15 Limitation of Liability.

(a) NEITHER PARTY SHALL BE LIABLE FOR INCIDENTAL, CONSEQUENTIAL, OR INDIRECT DAMAGES OF ANY SORT, INCLUDING LOSS OF INVESTMENT, PROFITS OR BUSINESS, AND THE TOTAL AGGREGATE LIABILITY OF EACH PARTY FOR ANY DAMAGES ARISING UNDER THIS AGREEMENT OR IN RELATION TO THE PRODUCTS SHALL NOT (EXCEPT AS PROVIDED IN THE LAST SENTENCE OF THIS SECTION) EXCEED THE AMOUNT PAID BY RESELLER TO SMART DENTURE IN THE TWELVE-MONTH PERIOD BEFORE THE CLAIM AROSE OR ONE MILLION DOLLARS, WHICHEVER IS MORE.

(b) The exclusions and limitations set forth in Section 15(a) shall not apply to:

(i) Losses arising out of or relating to a Party’s failure to comply with its obligations under Section 10;

(ii) A Party’s indemnification obligations under Section 14, or

(iii) claims for fraud or other willful misconduct or

(iv) Losses for death or bodily injury arising out of or relating to a Party’s gross negligence or more culpable acts or omissions.

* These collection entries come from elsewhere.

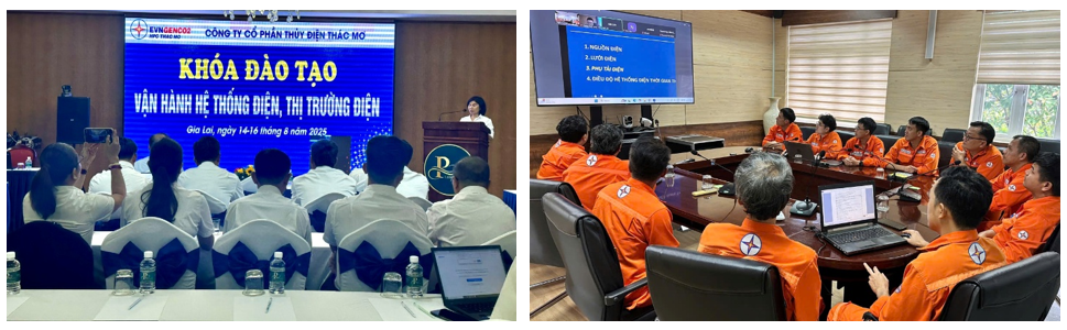 Ngoài ra, học viên còn được cập nhật kết quả vận hành 6 tháng đầu năm 2025, các phương án đảm bảo cung cấp điện trong mùa khô, đồng thời tham gia phân tích tình huống và thực hành thao tác xử lý sự cố trong Hệ thống điện Quốc gia, bao gồm nguyên tắc khởi động đen và khôi phục hệ thống.
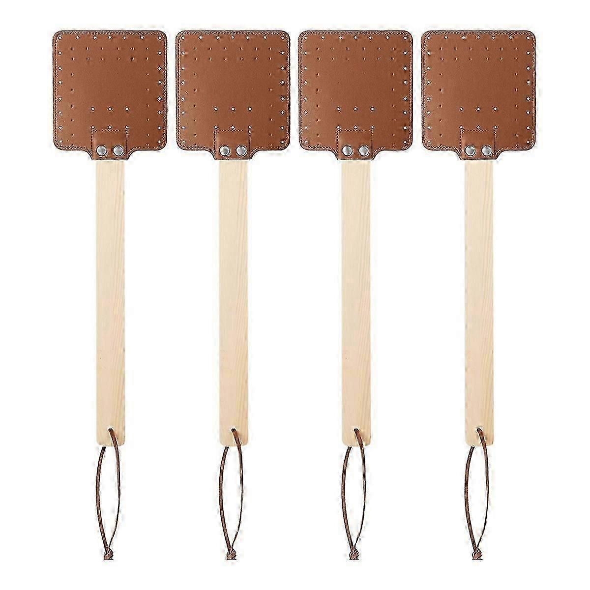 4 Pieces 17.3 Inch Fly Swatter Leather Fly Swatter Long Fly Swatter Manual Fly Swatter Wood Handle B
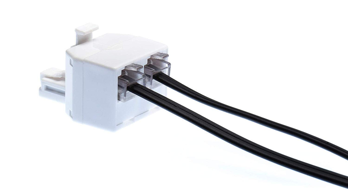 - Perfect For: Duplex connector allows a conversion between a single phone jack (RJ11) and two (RJ11) phone connections - Quickly connect two devices to one wall jack
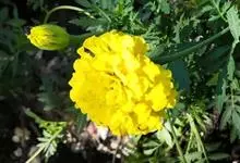 万寿菊是菊科万寿菊属一年生草本植物,别名孔雀菊、缎子花、臭菊花、西番菊、红黄草、小万寿菊、臭芙蓉、孔雀草。万寿菊茎近基部分枝。叶羽状分裂,长5-10厘米,宽4-8厘米,裂片长椭圆形或披针形,具锐齿,…全部>>
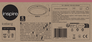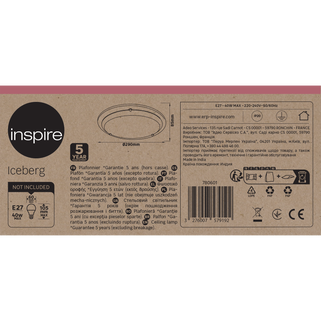 Αυτό το φωτιστικό πλαφονιέρα τοίχου Inspire, κατασκευασμένη από λευκό μέταλλο και παγωμένο γυαλί, έχει διάμετρο 29 cm και θα αποτελέσει την τέλεια προσθήκη στη διακόσμησή σας. Αυτό το φωτιστικό οροφής είναι ένας διακριτικός συνδυασμός μετάλλου και γυαλιού. Η σειρά ICEBERG είναι ιδανική για τη δημιουργία διαφορετικών εφέ φωτισμού, επιλέγοντας μια λάμπα E27 που ταιριάζει στις ανάγκες σας. Μπορείτε επίσης να συνδυάσετε αυτό το προϊόν με άλλα προϊλοντα της ίδιας σειράς. Η λάμπα E27 πωλείται ξεχωριστά. Αυτό το προϊόν Inspire συνοδεύεται από 5ετή εγγύηση.
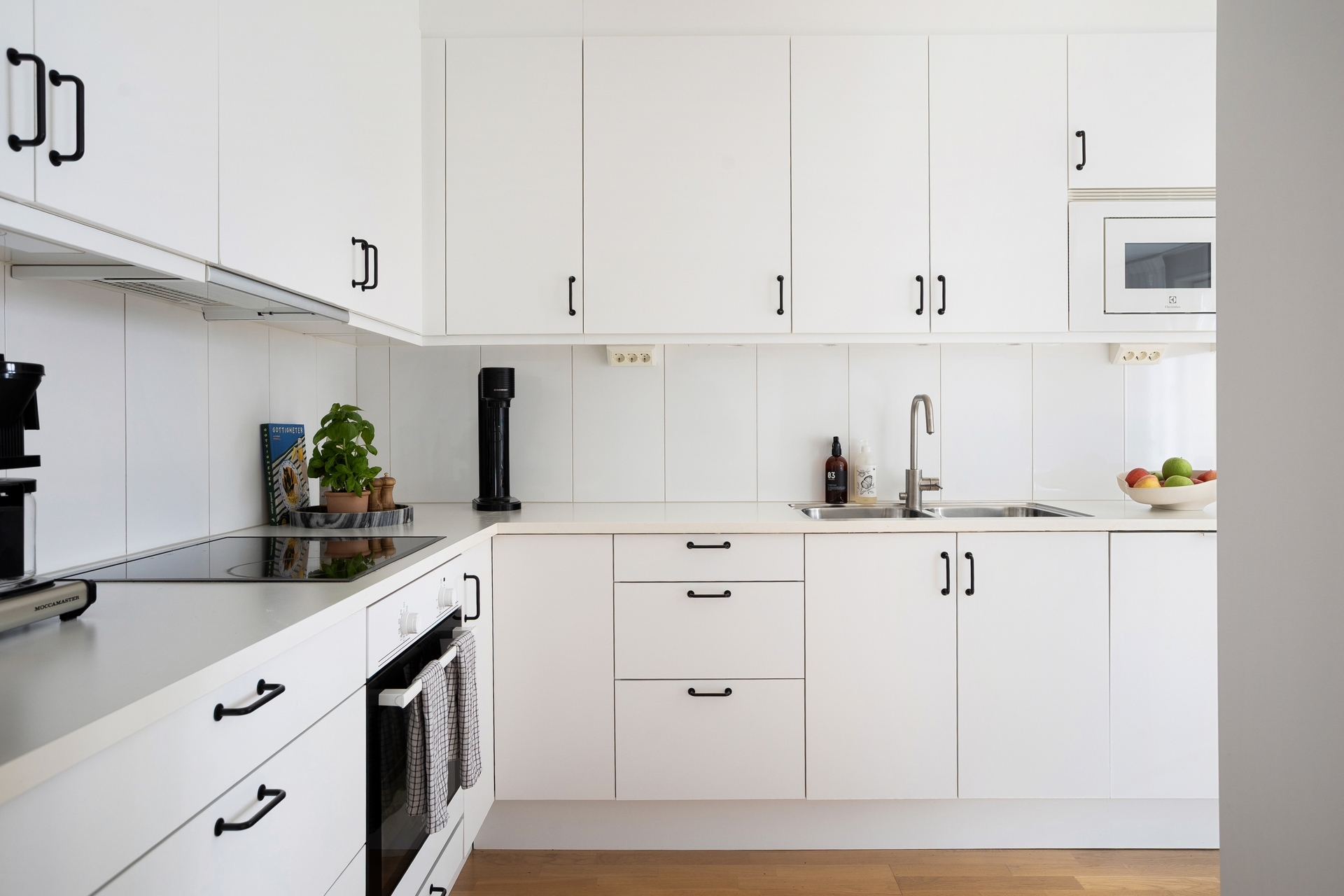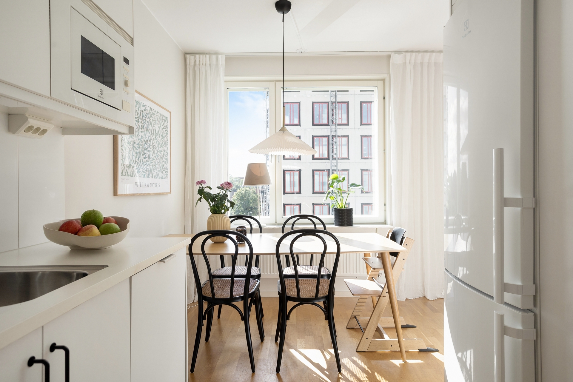 Ljuvligt kök med gott om förvaring i flertalet skåp. Fullt utrustat med kylskåp, frys, ugn, mikrovågsugn, glaskeramikhäll samt integrerad diskmaskin. Ovan den vita bänkskivan finner ni ett diskret vitt kakel som möter upp de matta vita köksluckorna. Mellan vardagsrum och kök finns en given plats för matbord som rymmer 4-6 personer.

16 Relationship of the Parties. The Parties are independent contractors and nothing in this Agreement shall be deemed or construed as creating a joint venture, partnership, agency relationship (except as otherwise provided herein), franchise or business opportunity between Smart Denture and Reseller. Neither Party, by virtue of this Agreement, will have any right, power, or authority to act or create an obligation, express or implied, on behalf of the other Party.

17 Governing Law. This Agreement shall be construed in accordance with the substantive laws of the State of Massachusetts. The Parties submit to the nonexclusive personal jurisdiction of, and waive any objection against, the federal or state courts of Massachusetts, for adjudication of any and all disputes arising from or relating to this Agreement.

18 Severability. If any provision in this Agreement is deemed invalid or unenforceable, that provision shall be construed, limited, modified or, if necessary, severed, to the extent necessary to eliminate its invalidity or unenforceability, and the other provisions of this Agreement shall remain in full force and effect.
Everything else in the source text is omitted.